Он открыл калитку в живой изгороди и исчез внутри.
Толпа
Я сегодня бросил на татами Ли и Брайана. Ли 14, Брайану 13, но он выше и тяжелее.
Рассказал Сибилле + она спросила, что сказал тренер. Я сказал, он сказал очень хорошо.
Сибилла сказала, что это не особо-то способствует воспитанию характера. Я сказал, что большинство специалистов по детской психологии утверждают, будто ребенку необходимо поощрение и закрепление результатов. Сиб сказала Бандура и кто еще? Я сказал все остальные. Я не сказал, что также специалисты утверждают, будто родитель должен уметь устанавливать рамки, потому что боялся, как бы она не решила наверстать упущенное и не установила целый лес рамок.
Сибилла сказала: Только не забывай Ричи, стать великим чемпионом — не конец истории.
Я сказал, что, если я бросил на татами Ли и Брайана, это еще не делает меня великим чемпионом дзюдо.
Сибилла сказал: Дело не в том, чтобы победить X или Y. А если некого будет побеждать? Дело в том, чтобы совершенствовать свое мастерство и достичь сатори. Чему они вас учат?
Я сказал, что в основном мы учимся бросать людей на землю. Сиб сказала: Мне что, всё делать самой? Она улыбалась от уха до уха. «Мир карпов» остался в прошлом.

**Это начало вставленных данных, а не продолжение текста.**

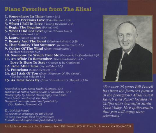 Bill Powell has been the featured pianist at the prestigious Alisal Guest Ranch and Resort in California's beautiful Santa Ynez Valley for over 25 years. Recorded at Date Street Studio (Lompoc, CA). Mastered at Sutton Sound Studio (Atascadero, CA). Photography by Classic Photography and Video. Cover photo courtesy of The Alisal. Designed, manufactured and printed by Disc Makers, Fremont, CA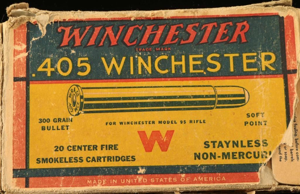 Vintage 20 round box of Winchester .405 Win 300 grain soft point ammunition.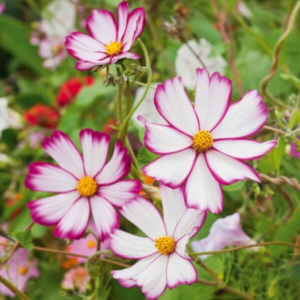 Cosmos Picotee is een sierlijke, rijkbloeiende eenjarige met grote witte bloemen die zijn afgezet met een opvallende roze tot karmijnrode rand. Dit unieke tweekleurige effect geeft de plant een elegante en speelse uitstraling in borders en bloemrijke perken. Het fijne, geveerde blad zorgt voor een luchtig geheel en laat de bloemen mooi tot hun recht komen.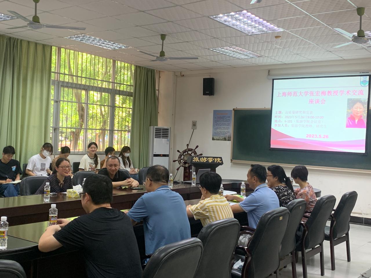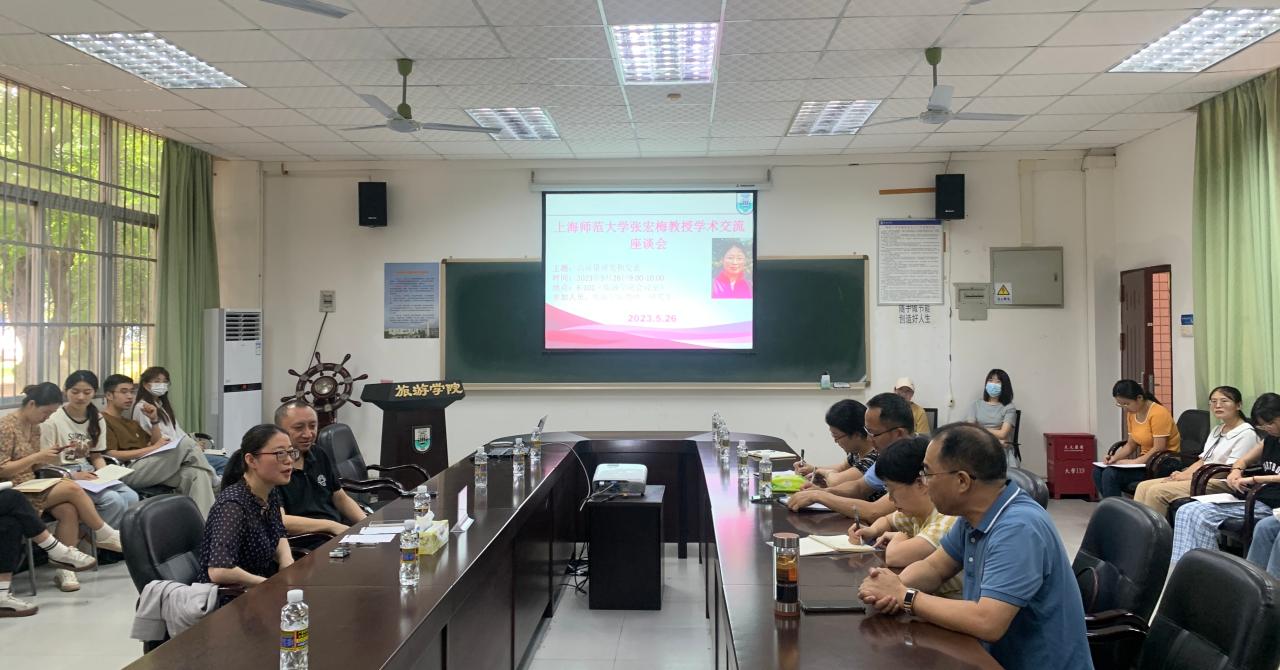 2023年5月26日上午,上海师范大学张宏梅教授莅临我院参加主题为“高质量研究和发表”的学术交流座谈会,郭强院长和师生代表50余人共同参加。

Я решил не рассказывать ей, что 9 раз из 10 выигрываю у всех в пикет.
Я две недели ходил к дому каждый день. На улице по-прежнему ошивалась пара человек. Иногда кто-то входил и выходил — в основном женщина, девочка и мальчик. Один раз он вышел, дошел до угла, развернулся и пошел назад. Один раз он вышел, посмотрел в небо и простоял, глядя в небо, минут десять. Потом развернулся и ушел в дом. Один раз он вышел в тренировочном костюме и побежал по улице, а минут через пятнадцать вернулся шагом. Один раз он появился в костюме и при галстуке и торопливо ушел.

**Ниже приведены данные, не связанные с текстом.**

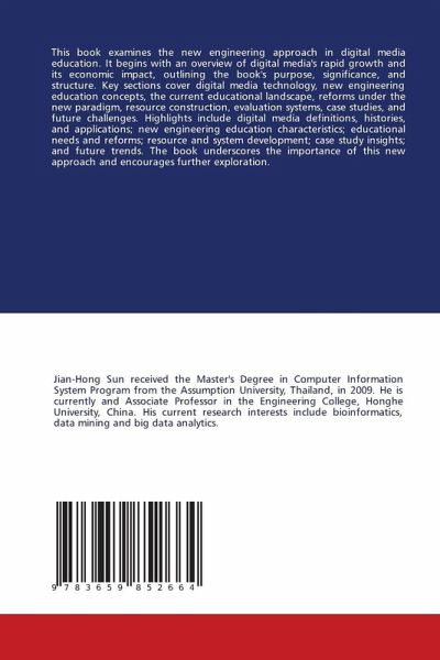 This book examines the new engineering approach in digital media education. It begins with an overview of digital media's rapid growth and its economic impact, outlining the book's purpose, significance, and structure. Key sections cover digital media technology, new engineering education concepts, the current educational landscape, reforms under the new paradigm, resource construction, evaluation systems, case studies, and future challenges. Highlights include digital media definitions, histories, and applications; new engineering education characteristics; educational needs and reforms; resource and system development; case study insights; and future trends. The book underscores the importance of this new approach and encourages further exploration.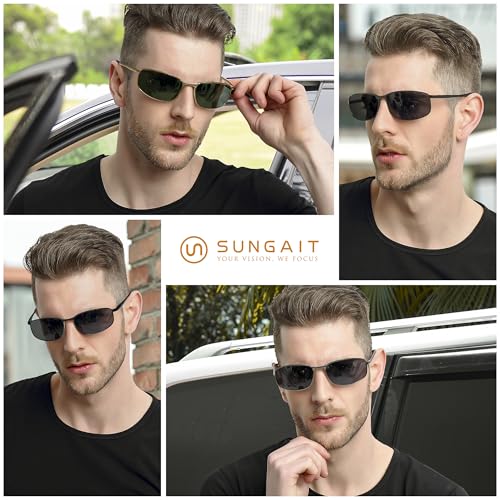 More information about SUNGAIT Mens Narrow Polarized Sunglasses Metal Frame Small Rectangle Retro Durable UV400 Protection

Я поехал к дому понаблюдать. На сей раз из калитки вышли все: Рыж Дьявлин, его жена, мальчик и девочка. Он одной рукой обнимал жену. Он сказал: Какой замечательно прекрасный день! Жена и девочка сказали: Чудесный! а мальчик сказал: Ага.
Я наблюдаю за его домом часами. Дальше по улице автобусная остановка со скамейкой; сижу там, в основном занимаюсь физикой твердого тела. Способен сосредоточиться почти как раньше.
Сидел сегодня перед домом, и тут подъехало такси. Все вышли, погрузили чемоданы, его семейство село в такси, и он сказал: Хорошо вам развлечься.
Жена сказала: Жалко, что ты не едешь А он сказал: Ну, может, приеду попозже И такси уехало.
Сейчас или никогда.
Я подошел к дому и постучался, но никто не ответил. Я решил, что он все-таки внутри, и обошел дом. В окнах первого этажа его не увидел и забрался на дерево. Он стоял в спальне, к окну спиной. Вышел из спальни в ванную. На туалетном столике три или четыре флакона из-под лекарств и бутылка «эвиана». Таблетки из флаконов грудой на столике — пара сотен, наверное.
Он
вернулся в спальню с новым флаконом. Поборолся с крышечкой от детей, потом с ваткой, потом высыпал на столик еще пятьдесят таблеток. Налил воды в стакан и взял две таблетки. Засмеялся, отложил. Вытащил пачку сигарет и закурил. Потом вышел из спальни.Я не разглядел, что за таблетки он собрался пить.
На каждом этаже под окнами по стене бежал такой узкий декоративный каменный карниз. Этажом выше было открыто окно, на крышу свисала ветка. Карниз всего в дюйм шириной, но раствор между кирпичами крошился, и я прикинул, что уцеплюсь. Взобрался по дереву, перелез по ветке, встал на карниз. И потихоньку двинулся к окну. В одном месте карниз зарос плющом, и я уже подумал, что придется вернуться, — ногу поставить некуда и никак не пробиться сквозь плющ к стене. Но подергал за этот плющ, и он оказался толстый и крепкий, и я вцепился в него и стал перебирать руками. Потом опять на карниз. Залез в окно. Вышел за дверь, сбежал по лестнице, даже не пытаясь потише. Не сразу нашел спальню — за одной дверью обнаружился кабинет, за другой чулан. Потом нашел. Он уже опять сидел в спальне. В руке стакан.
Я сказал: Вы что делаете?
Он ответил, не удивившись: А ты как думаешь?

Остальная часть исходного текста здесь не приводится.